X_test = dv.transform([customer])
X_test

array([[0.00000e+00, 1.00000e+00, 0.00000e+00, 1.00000e+00, 0.00000e+00,
        0.00000e+00, 0.00000e+00, 1.00000e+00, 1.00000e+00, 0.00000e+00,
        1.00000e+00, 0.00000e+00, 0.00000e+00, 7.98500e+01, 1.00000e+00,
        0.00000e+00, 0.00000e+00, 1.00000e+00, 0.00000e+00, 0.00000e+00,
        0.00000e+00, 0.00000e+00, 1.00000e+00, 0.00000e+00, 1.00000e+00,
        1.00000e+00, 0.00000e+00, 1.00000e+00, 0.00000e+00, 0.00000e+00,
        0.00000e+00, 0.00000e+00, 1.00000e+00, 0.00000e+00, 0.00000e+00,
        0.00000e+00, 1.00000e+00, 0.00000e+00, 0.00000e+00, 1.00000e+00,
        0.00000e+00, 0.00000e+00, 1.00000e+00, 4.10000e+01, 3.32075e+03]])

In [129]:
#Now we will predict if this customer will churn or not
y_pred = model.predict_proba(X_test)

In [130]:
y_pred

array([[0.92667889, 0.07332111]])

In [131]:
#We only need the probablity of churn so
y_pred = y_pred[0,1]
#also we need a answer in yes or no , so
print(y_pred>=0.5)

False


In [132]:
#Our customer will not churn so we will not send promotional discounts, emails etc to this customer

In [133]:
#Let us look into another customer
customer = {
 'gender': 'female',
 'seniorcitizen': 1,
 'partner': 'no',
 'dependents': 'no',
 'phoneservice': 'yes',
 'multiplelines': 'yes',
 'internetservice': 'fiber_optic',
 'onlinesecurity': 'no',
 'onlinebackup': 'no',
 'deviceprotection': 'no',
 'techsupport': 'no',
 'streamingtv': 'yes',
 'streamingmovies': 'no',
 'contract': 'month-to-month',
 'paperlessbilling': 'yes',
 'paymentmethod': 'electronic_check',
 'tenure': 1,
 'monthlycharges': 85.7,
 'totalcharges': 85.7
} 
X_test = dv.transform([customer])
model.predict_proba(X_test)[0, 1]

0.8321656556545182

In [134]:
#The probablity of churning of this customer is 83% and it is likely that this customer
#will stop using our services soon so we will send emails, discount offers etc to this customer

We have trained our model using logistic regression, for this purpose we first prepare our features and convert them to vectors using DictVectorizer method from sklearn.
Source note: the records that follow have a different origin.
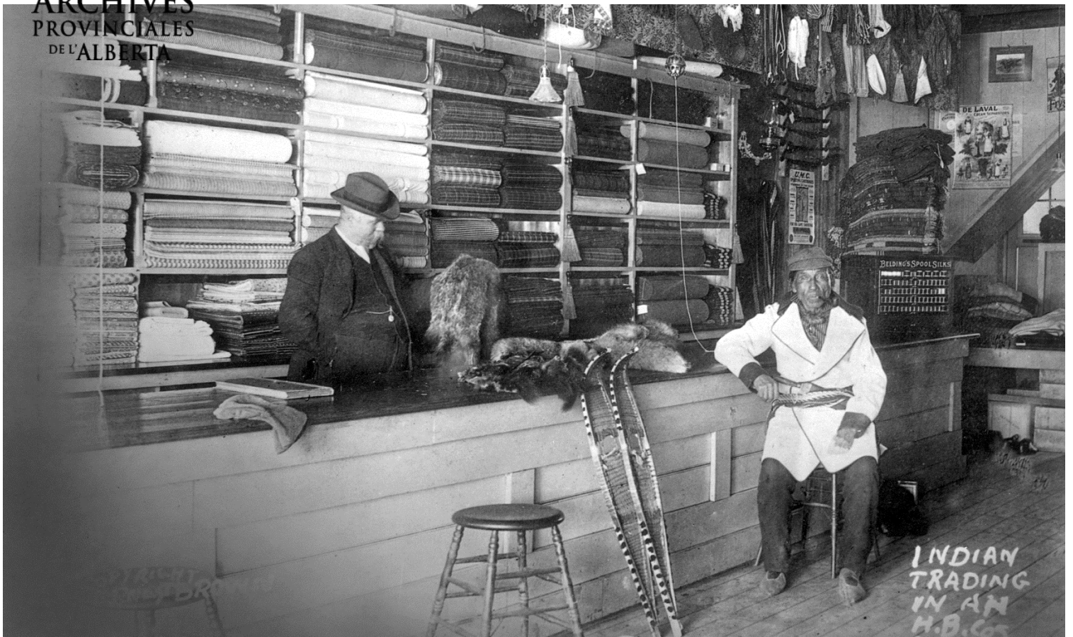
Figure 7 - Autochtone échangeant des fourrures dans un magasin de la Compagnie de la Baie d'Hudson, les années 1900
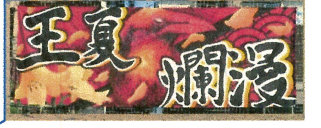
総合準優勝 横断幕賞 綱引き男子優勝 男子四季別代表リレー優勝
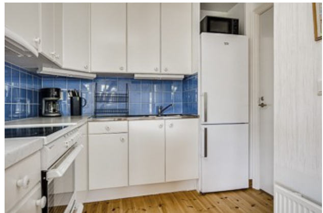
Küche vom 2. Haus
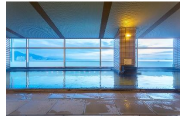
琵琶湖ホテル るりの湯
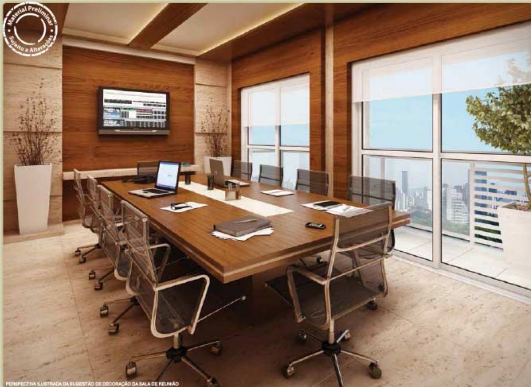
PERSPECTIVA ILUSTRADA DA SUGESTÃO DE DECORAÇÃO DA SALA DE REUNIÃO
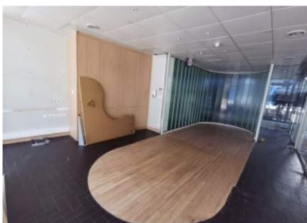
Vue de l'ERI avant réaménagement

L'idée de départ a été de prendre soin, de rendre moins austères les coursives, en travaillant les passages empruntés par les patients, accompagnants et soignants. Cet espace dédié au partage permet désormais un échange dans un espace moderne, convivial et ergonomique. Par un aménagement intérieur qui contribue à la façon dont on pense l'hospitalité aujourd'hui, c'est une invitation pour tous les acteurs à prendre place dans le débat.
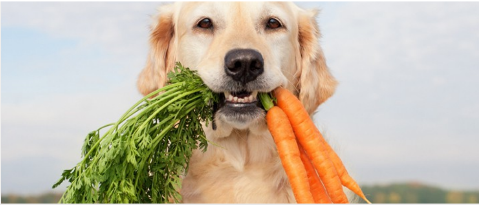
給寵物狗、貓吃素一直是一大爭議
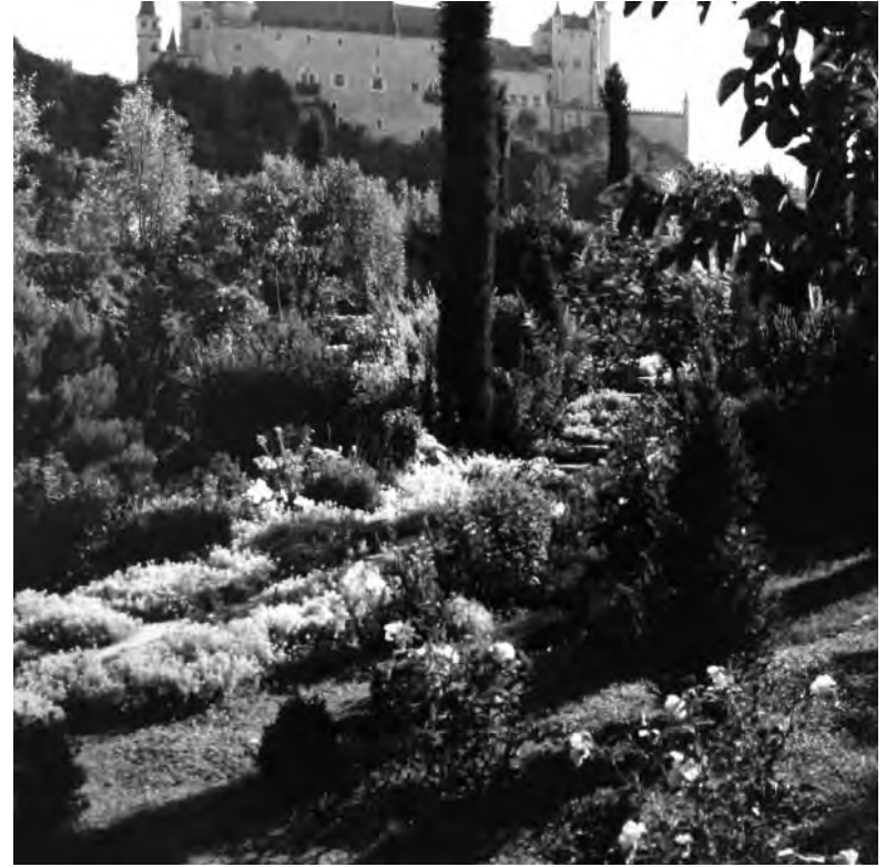
Romeral de San Marcos, Segovia. Legado Silva
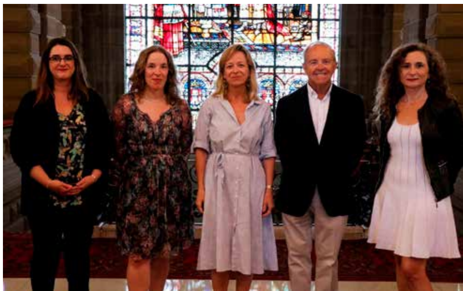
Erakundearen Etika Batzordearen gaur egungo kideak
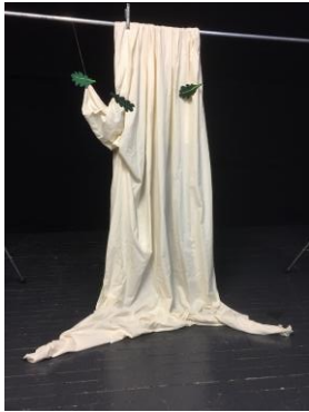
Boom van lappen

1. Activiteit in groepjes van 3 - 5 leerlingen: In de voorstelling maken de acteurs van lappen verschillende plekken. Kunnen jullie dat ook?
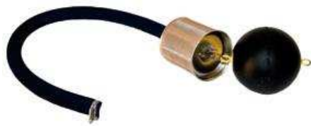
Special suction set fine filter
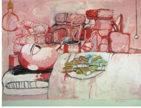
Görsel 5. Resim Yapmak, Sigara İçmek, Yemek Yemek/Painting, Smoking, Eating , Guston, P. (1972).

Serinin bir diğer teması, Yunan mitolojisinde genellikle canavarlık ve dışlanmışlıkla ilişkilendirilen tek gözlü bir karakter olan Tepegöz'dür. Tepegöz, Guston'ın kendi yabancılaşma, izolasyon ve varoluşsal umutsuzluk duygularının bir sembolü olarak işlev görmektedir. Guston'ın eserlerinde sıkça rastlandığı gibi, Tepegöz Serisi de karmaşık duyguları ve temaları yansıtmak için kara mizah ve ironi unsurlarını harmanlamaktadır (Baldwin, 2022). Guston'ın son dönem eserleri, sadeleştirilmiş formlar ve cesur, grafik tasarımlarla öne çıkmaktadır. Serideki figürler, Guston'ın yüksek ve düşük sanatın kesişim alanlarını araştırma arzusunu yansıtan karikatürize bir özellik taşımaktadır. Basit formlara rağmen, Guston'ın fırça tekniği dinamik bir şekilde etkileyici olmakta ve eserlere enerji ve hareket hissi kazandırmaktadır.

We also used risk ratios to find the risk of  value in a categorical variable to churn. We also used mutual info scores and coefficient to check the dependacy of attributes on target variable.
This model is great for business to know beforehand that which customers are going to leave soon and how businesses can sustain these customers.